Et comme nous n’étions que deux salariés, il m’était impossible de m’absenter, même malade. Une fois, j’ai travaillé avec 39°C de fièvre, sous antidouleurs, vitamines C et je buvais des redbull pour tenir. J’avais la grippe, mais je suis venue, parce que je savais que si je n’étais pas là, personne ne me remplacerait.
Burn-out et menaces
Un jour, la patronne m'a demandé de nettoyer sous les frigos et je me suis déboîté l’épaule. J’ai souffert pendant un an, sans jamais me mettre en arrêt. Je me sentais trop responsable de la station, c’était une erreur. Tout reposait sur moi et je ne tenais plus. J’ai même fait un zona qui me faisait horriblement souffrir. Mais j’ai continué à aller au travail.
Un matin, je suis partie travailler – mais mon corps m’a conduite directement chez le médecin. Il m’a directement délivré un arrêt de travail en me disant que je faisais un burn-out. Cela faisait six ans que je travaillais dans cette station, j’avais 61 ans.
Ma patronne ne m’a pas crue, elle croyait que je ne voulais pas travailler. Deux semaines après mon arrêt, elle m’a appelée pour me dire : « Si c’est comme ça, je vais chercher quelqu’un d’autre. On fait une rupture conventionnelle ! » Elle voulait me virer, mais elle savait qu’elle n’avait pas le droit. Elle m’a menacée : « Si tu refuses, tu n’auras aucune indemnité. ». Elle comptait sur ma peur pour que je parte sans finir mon arrêt maladie.

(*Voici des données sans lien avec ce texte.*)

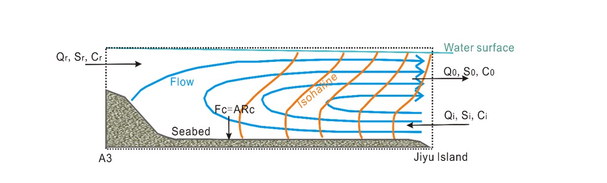 Figure 10. The schematic graph of estuarine mixing model of Jiulong Jiang Estuary, including the riverine input (Qr = river flow discharge, Sr = river flow salinity, Cr = sediment concentration of river input), the riverine output (Q0 = flow discharge to the sea, S0 = salinity of flow to the sea, C0 = sediment concentration of flow to the sea), the tidal input (Qi = flow discharge of tidal input, Si = salinity of tidal input, Ci = sediment concentration of tidal input) and the sedimentation of the seabed (Fc). The gray line marks the front between fresh water and salt water, which varies with mixing conditions. The A3 is where the North River meets the West River, which is used as the upper stream boundary of the box model.

Mais j’ai contacté la CGT. J’ai rencontré un militant qui m’a soutenu. Il m’a accompagnée dans toutes les démarches. J’ai terminé mon arrêt maladie et il m’a épaulée pendant l’entretien de rupture. J’ai obtenu toutes mes indemnités, et la patronne n’a pas bronché, grâce à lui. Il ne faut pas rester seule dans ces cas-là, il faut s’organiser, contacter les syndicats. Sinon, les patrons peuvent toujours nous avoir.
J’ai ensuite été au chômage pendant un an, avant de partir à la retraite à 62 ans. J’ai travaillé toute ma vie, enchaîné les contrats précaires, et aujourd’hui, ma retraite ne s’élève qu'à 950 euros par mois. Mon cas n’est pas isolé, c’est le sort de beaucoup de femmes comme moi, qui ont trimé toute leur vie, mais ont eu des carrières hachées. Et au vu des politiques du gouvernement, cela va empirer. Il faut lutter contre ces politiques, contre ce système, lutter pour une vie digne, sans exploitation, du début à la fin.